YOUR OBJECTIVE
Starting at the first line and ending at the one with "Fabulous shirt dress, with", give the lines of the listing again exactly, and nothing else; skip the pictures.

### COLLECTED DATA ###

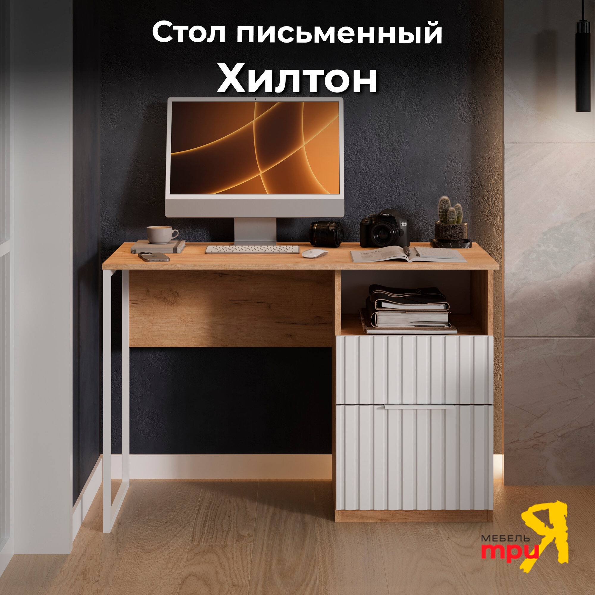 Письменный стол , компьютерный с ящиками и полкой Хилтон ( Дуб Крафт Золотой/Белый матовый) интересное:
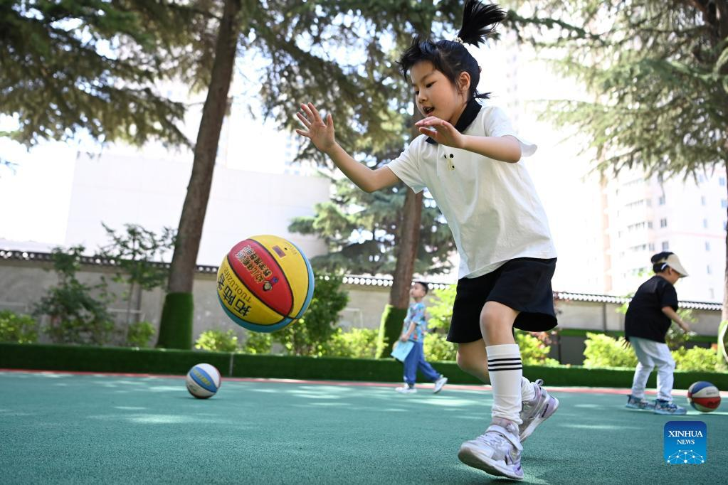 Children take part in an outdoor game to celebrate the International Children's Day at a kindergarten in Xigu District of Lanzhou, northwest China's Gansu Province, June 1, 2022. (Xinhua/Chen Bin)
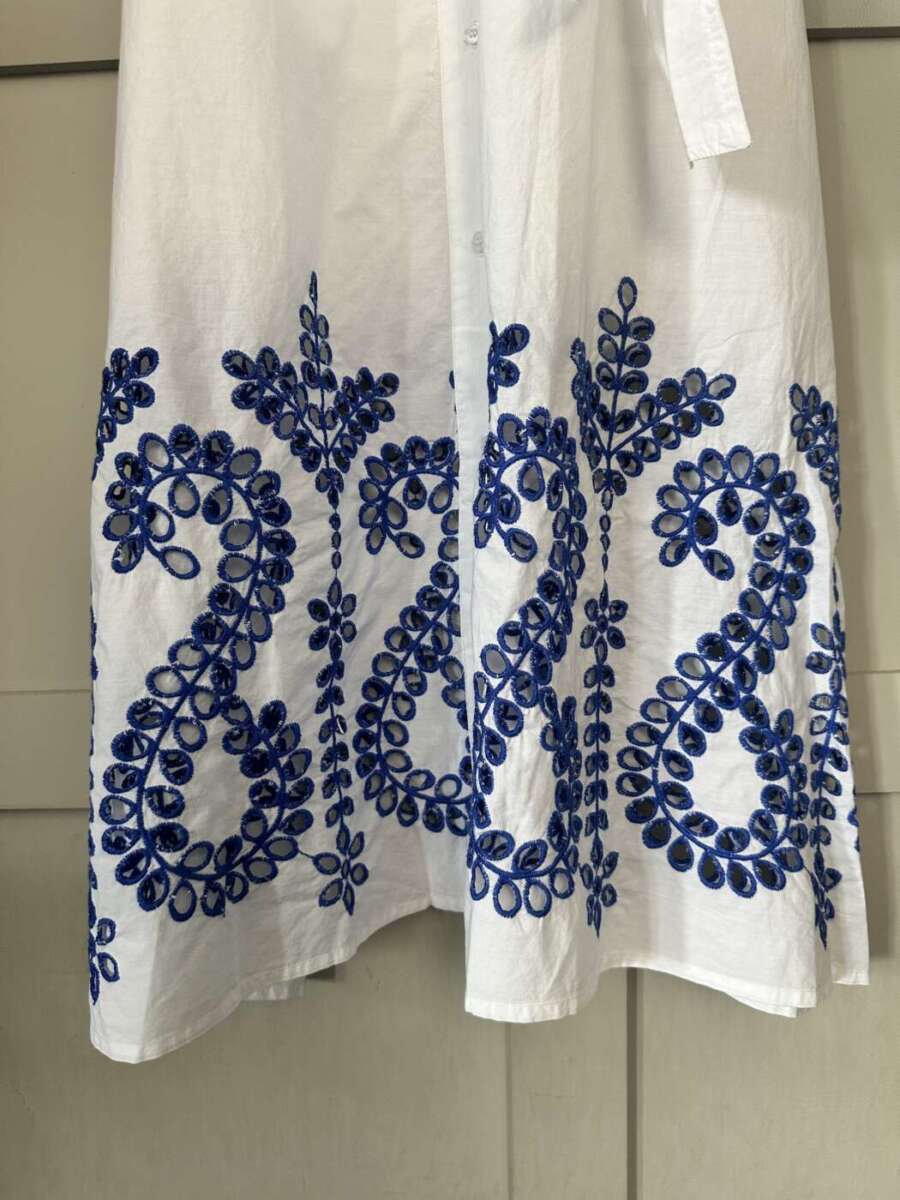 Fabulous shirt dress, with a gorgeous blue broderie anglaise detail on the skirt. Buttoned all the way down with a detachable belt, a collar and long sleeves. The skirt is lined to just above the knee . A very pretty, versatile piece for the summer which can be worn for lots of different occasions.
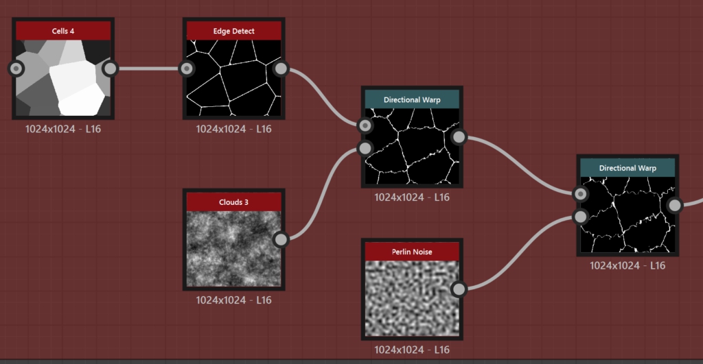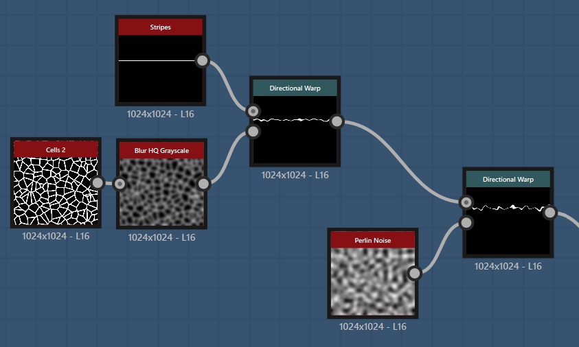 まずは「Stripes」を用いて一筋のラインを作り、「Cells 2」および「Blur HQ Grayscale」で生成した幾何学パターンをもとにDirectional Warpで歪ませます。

###

YOUR SOLUTION
 Письменный стол , компьютерный с ящиками и полкой Хилтон ( Дуб Крафт Золотой/Белый матовый) интересное:
 Children take part in an outdoor game to celebrate the International Children's Day at a kindergarten in Xigu District of Lanzhou, northwest China's Gansu Province, June 1, 2022. (Xinhua/Chen Bin)
 Fabulous shirt dress, with a gorgeous blue broderie anglaise detail on the skirt. Buttoned all the way down with a detachable belt, a collar and long sleeves. The skirt is lined to just above the knee . A very pretty, versatile piece for the summer which can be worn for lots of different occasions.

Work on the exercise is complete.